The trend of moving more and more services to the cloud has been fashionable for a while now, and in recent years this trend has expanded into the information-security market as well, with Security as a Service (SECaaS) offerings becoming ever more prevalent. One such example of a SECaaS offering is the group of cloud-based antivirus products, with vendors like Immunet and Panda Security being at the forefront of the trend and with vendors of more traditional antivirus (AV) products now releasing cloud-based versions as well.
While these products hold the potential to greatly improve the security of information systems, they may do so at the price of privacy, since, if abused, the information gathered by these cloud-based AV products could be used to provide snapshots of the digital content that is both stored and consumed on the user’s computing device. As detailed below, these AV products send a digital “fingerprint” of each file they encounter back to the AV vendor for processing, and while these digital fingerprints are used to recognize malware, they could in theory be used to recognize any set of files. This creates the potential for a digital Panopticon to be put in place, in which cloud AV data could be used to trigger near real-time alerts that a particular user is accessing a particular file without the user even knowing.

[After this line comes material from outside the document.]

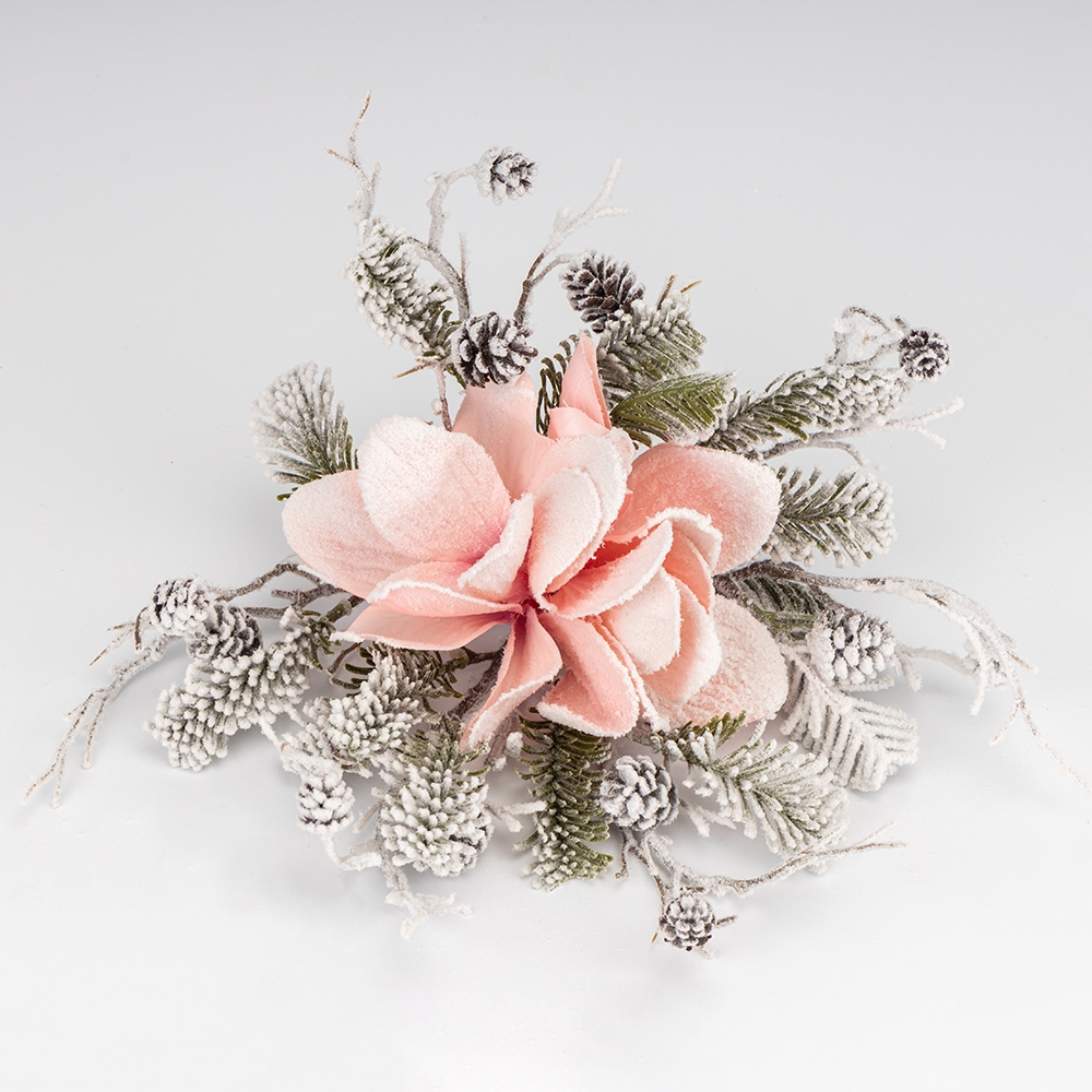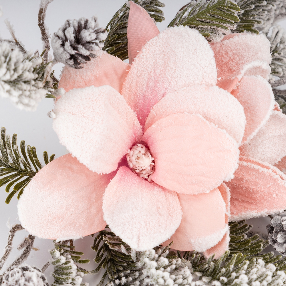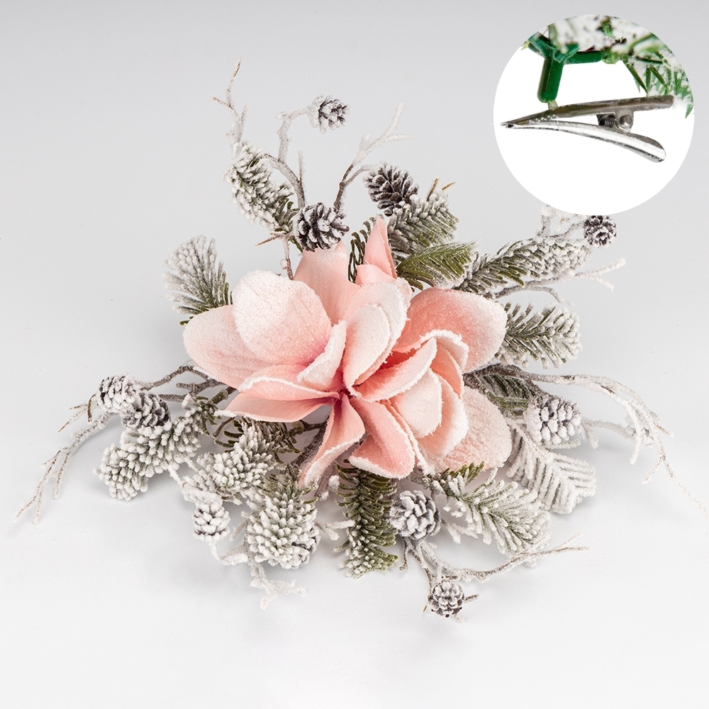 Новорічна прикраса-кліпса "Засніжена магнолія", рожева, 30 см (9258-007)

From an information security perspective, the case for cloud-based AV products is often very compelling. Cloud-based AV products tend to place a very lightweight agent on PCs and offload most of the heavy processing normally associated with virus scanning to cloud-based resources. This lightweight agent has a smaller memory and processor footprint and as a result has a much smaller impact on system performance than traditional antivirus solutions. It is argued that this makes antivirus more palatable for end users and can lead to more widespread adoption of AV software. This type of setup also enables AV to be run more effectively on mobile devices where traditional AV software would negatively impact battery life and performance to too large an extent.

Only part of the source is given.